Here, there is a distinction between different forms of types. First, there are
monomorphic types, or __monotypes__, \\(\\tau\\), which are types such as \\(\\text{Int}\\),
\\(\\text{Int} \\rightarrow \\text{Bool}\\), \\(a \\rightarrow b\\)
and so on. These types are what we've been working with so far. Each of them
represents one (hence, "mono-"), concrete type. This is obvious in the case
of \\(\\text{Int}\\) and \\(\\text{Int} \\rightarrow \\text{Bool}\\), but
for \\(a \\rightarrow b\\) things are slightly less clear. Does it really
represent a single type, if we can put an arbtirary thing for \\(a\\)?

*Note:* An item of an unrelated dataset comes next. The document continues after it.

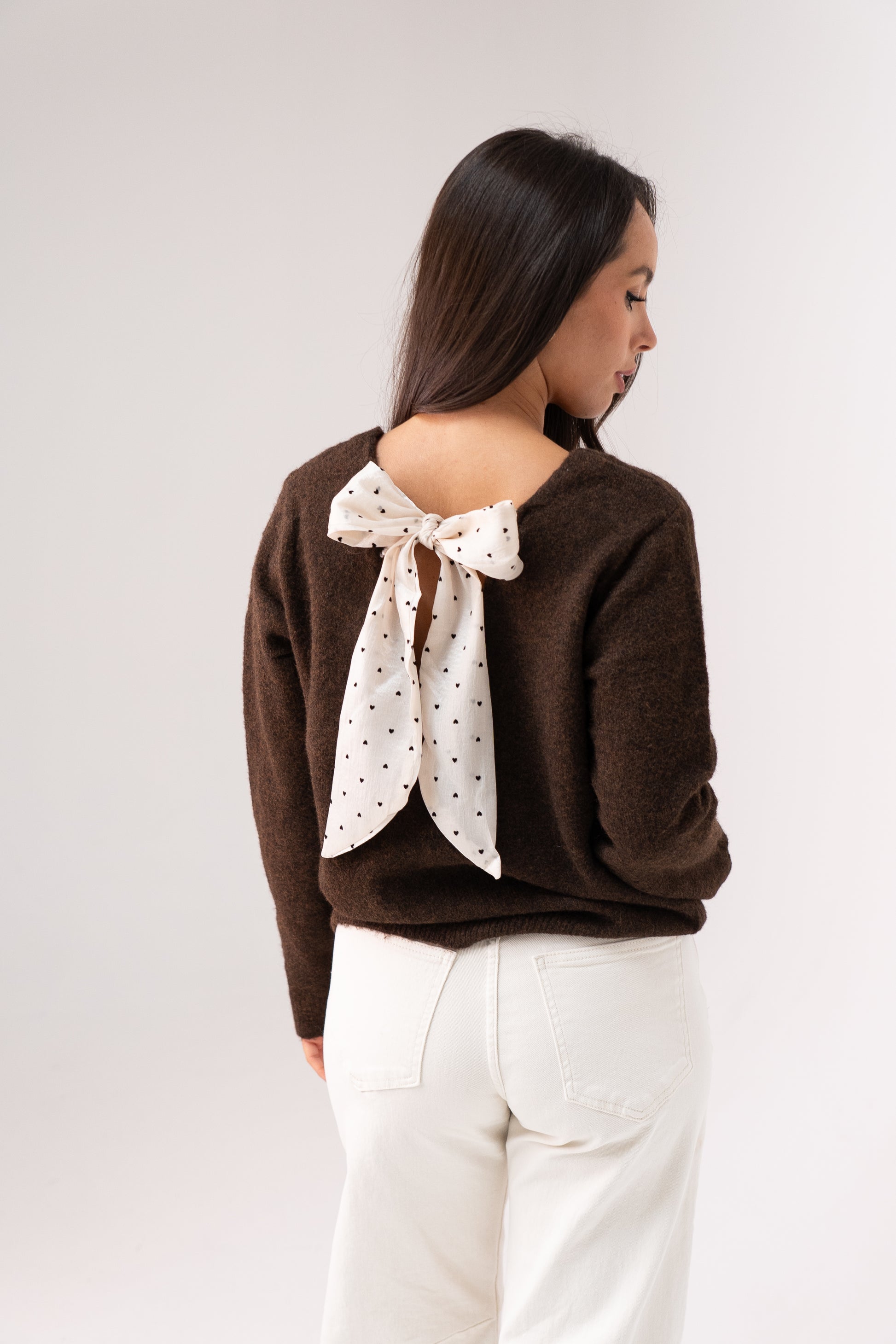 This elegant wool mix jumper features a classic round neck front and a stylish V-back design. The long sleeves provide warmth and comfort, while the heart-shaped polka dot bow at the back adds a unique, sophisticated touch. Designed to fit sizes 8 to 14, this versatile chocolate-coloured piece combines timeless style with cosy practicality.

The answer is "yes"! Although \\(a\\) is not currently known, it stands
in place of another monotype, which is yet to be determined.
So, how do we represent polymorphic types, like that of \\(\\text{if}\\)?
We borrow some more notation from mathematics, and use the "forall" quantifier:
{{< latex >}}
\text{if} : \forall a \; . \; \text{Bool} \rightarrow a \rightarrow a \rightarrow a
{{< /latex >}}
This basically says, "the type of \\(\\text{if}\\) is \\(\\text{Bool} \\rightarrow a \\rightarrow a \\rightarrow a\\)
for all possible \\(a\\)". This new expression using "forall" is what we call a type scheme, or a polytype \\(\\sigma\\).
For simplicity, we only allow "forall" to be at the front of a polytype. That is, expressions like
\\(a \\rightarrow \\forall b \\; . \\; b \\rightarrow b\\) are not valid polytypes as far as we're concerned.
It's key to observe that the majority of the typing rules in the above table use monotypes (\\(\\tau\\)). Only
two rules seem to mention \\(\\sigma\\): __Inst__ and __Gen__.